F (2010)

F is a quality British horror film. It is well directed, well acted and has a haunting, exciting soundtrack that is incredibly atmospheric. Tragically the plotting seems inconsistent and there’s a distinct lack of payoff, but this doesn’t harm the film too much. It is thoroughly enjoyable, genuinely tense, truly horrible in places and well worth your attention. A* for effort – B for attainment.

Robert Anderson (David Schofield) is on the brink of a nervous breakdown. Suspended from teaching after a violent incident with a boy in his classroom, secondary-school teacher Robert sees his life fall to pieces. His wife leaves him, his daughter hates him, the other teachers pity him and the pupils openly mock him. He turns to drink and loses passion for his job. Alone, desperate and sad, he believes his life couldn’t get any worse… He was wrong.

Staying late with his in-detention daughter, the school suddenly comes under attack. Not by monsters or terrorists or aliens, but by faceless free-running teenagers in hoods. And not just under attack, but murderous assault. Robert finds himself stuck in the school building with a smattering of teachers, school staff and an incompetent security guard. With his daughter missing and a gang of brutal killers on the loose, Robert has to finally take responsibility and protect his daughter from harm.

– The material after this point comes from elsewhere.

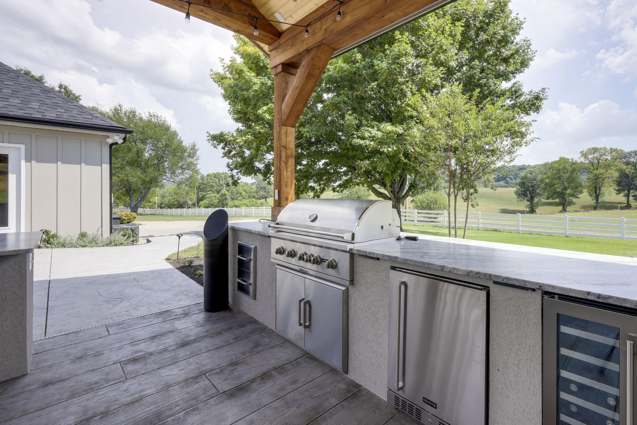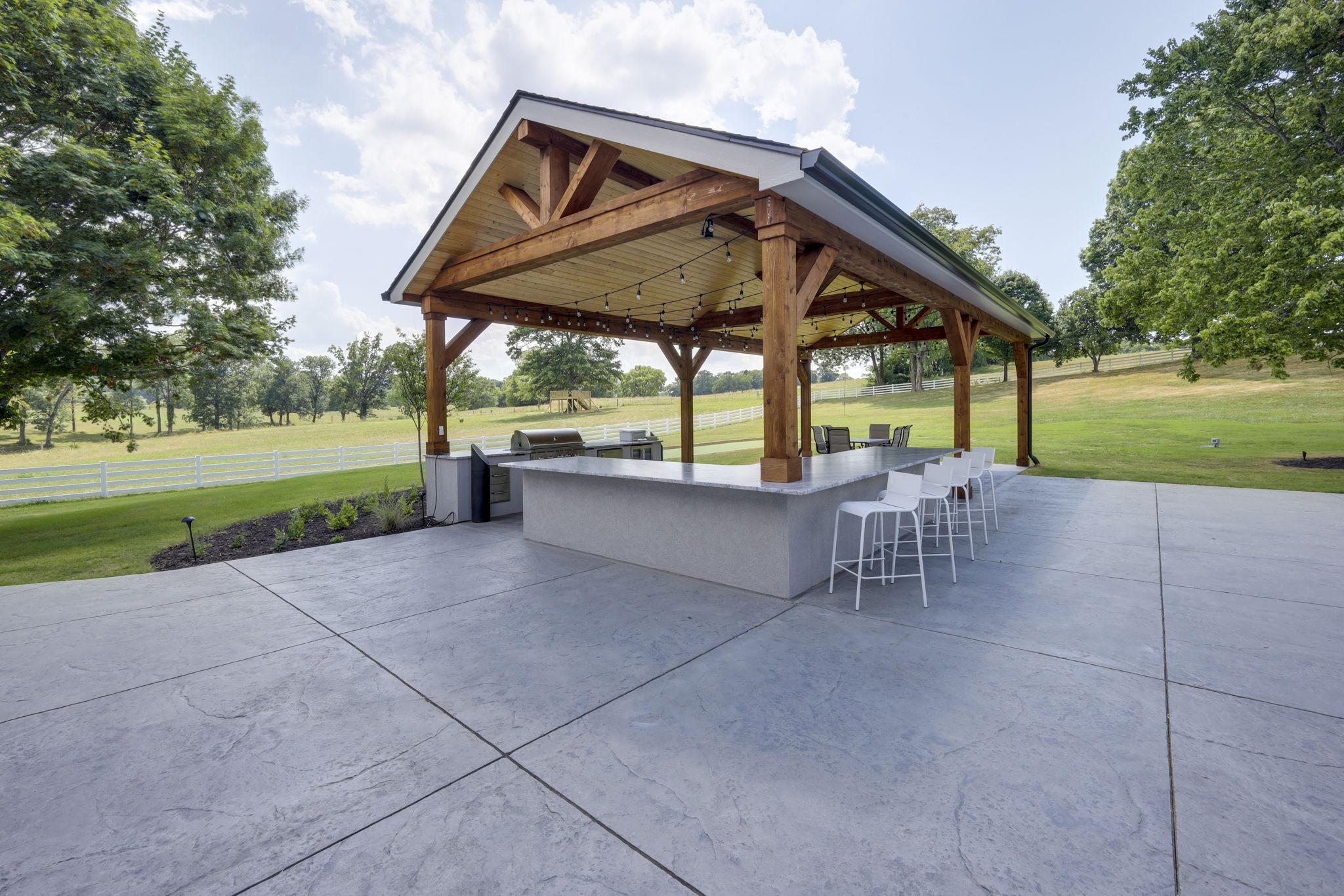 - Outside string lights, illuminate the entire covered patio area - Large gas grill - Wine fridge & refrigerator for storing food - Large marble countertop - Large covered awning for weather protection - Poolside seating - Bocce ball court - 3000sqft gold green

The synopsis above doesn’t do F justice. The build up is intense, the characters compelling and the dialogue sharp. The score especially compels, propelling the movie forward as the violence worsens and the siege becomes a battle to escape. It is initially well constructed, but becomes a little undisciplined toward the end.

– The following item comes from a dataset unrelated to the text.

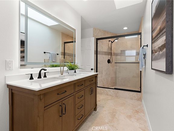 Beautiful, fully remodeled home nestled in the highly sought after Costa Mesa Bluffs! 2 bedrooms 2.5 baths, with 1 bed and bath on the first floor. Numerous upgrades include stunning kitchen featuring maple soft-closing cabinetry, custom tile backsplash, granite countertops, recessed lighting, with all new appliances. Travertine entrance and bathrooms flooring, upstairs has real wood flooring, while the bedrooms have new carpet, the property has high ceilings with a beautiful spiral staircase with large skylight with a WOW factor! the two private master suites with two remodeled sparkling bathrooms feature custom vanities and granite/quarts countertops, travertine showers, master has a backlit mirror with all matte black hardware to add a modern touch. Laundry room is located upstairs inside the half bath. Enjoy cool ocean breezes year-round from the private deck. An oversized 2-car attached garage that includes two garage doors, with direct access, perfect to house your cars AND your bikes complete this gorgeous home. Numerous trails for walking and biking and embracing the outdoor lifestyle! Situated above the Talbert Nature Preserve and bordering Huntington Beach, this hidden gem is a short walk to the Bluffs, Vista Park and just over a mile to the beach. Don’t wait. This one won’t last long!

The violence in F is implicit rather than in-your-face, which is a welcome surprise after the plethora of Saw-esque “show everything” death fests we’ve been treated to recently. There are some truly disturbing moments – security guard barbeque, jaw-battered teacher, barbed wire facial – but it’s the moments of horrible realization on the victims’ faces, seconds before death, which really stick in the mind. Yet it’s also extremely frustrating that you never see the final fates of some characters – the policewoman, the security guard, even the evil hooded teens tearing up the building – and some may find this more annoying than simply acceptable. The ending may also frustrate, but I personally found it sharp and smart.

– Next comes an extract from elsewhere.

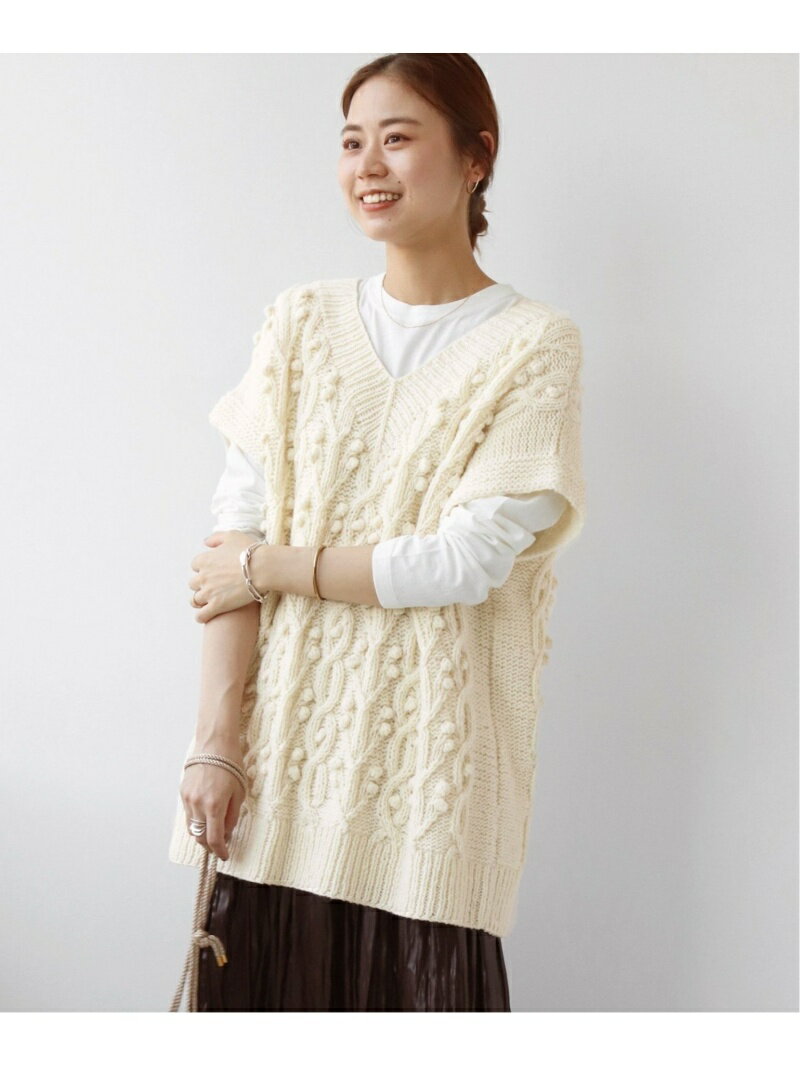 中でも今回ご紹介したいアイテムは、表情豊かなアラン編み、ハミルトンラムズウールを使用した柔らかな肌触り、着疲れしない軽さと温かな着心地が魅力のこちらの商品。縦ラインを強調したデザインなので、スッキリと大人っぽく着こなすことができます。重ね着するときは、インナーを裾から覗かせることもお忘れなく。

What makes F work so well is the acting. Every part is cast perfectly, with David Schofield playing the emotionally-battered Robert Anderson to perfection. He is instantly believable, and loveable despite his flaws. Schofield is startlingly truthful in his portrayal of a man holding his life together by minute invisible threads. Finlay Robertson is also frustratingly real. His portrayal of the slightly off-kilter, awkward security guard is so well created he’s phenomenally angering to watch. You want to reach into the screen and shake him awake – but this is testament to Robertson’s excellent skill and director Johannes Roberts’ ability to get the most of out his actors. All the actors do extremely well, even the smaller roles, and everyone we meet is recognizable to us, but far from being clichéd – a difficult thing to achieve in any film.

Johannes Roberts should be proud of F. It is by far Roberts’ best achievement, after the laughably poor Forest of the Damned and the enjoyably silly When Evil Calls. F is not without its flaws – the antagonists’ facelessness becomes more annoying that intriguing, for example – but it is a well created horror film that has some awesome moments and genuine scares at times. The acting alone makes F worth watching.

F is a well-crafted British horror film. It becomes inconsistent and conclusion-less towards the end, but this does not greatly damage it. Excellent acting, a quality score and some decent set-pieces makes this well worth watching. F may not receive full marks, but it definitely doesn’t Fail.

Rating: ★★★★★★★☆☆☆

One Comment on “F”

  1. Dan Carden says:

    Brilliant film, great cast and awesome deaths! Never want to go near a school or hoodies ever again.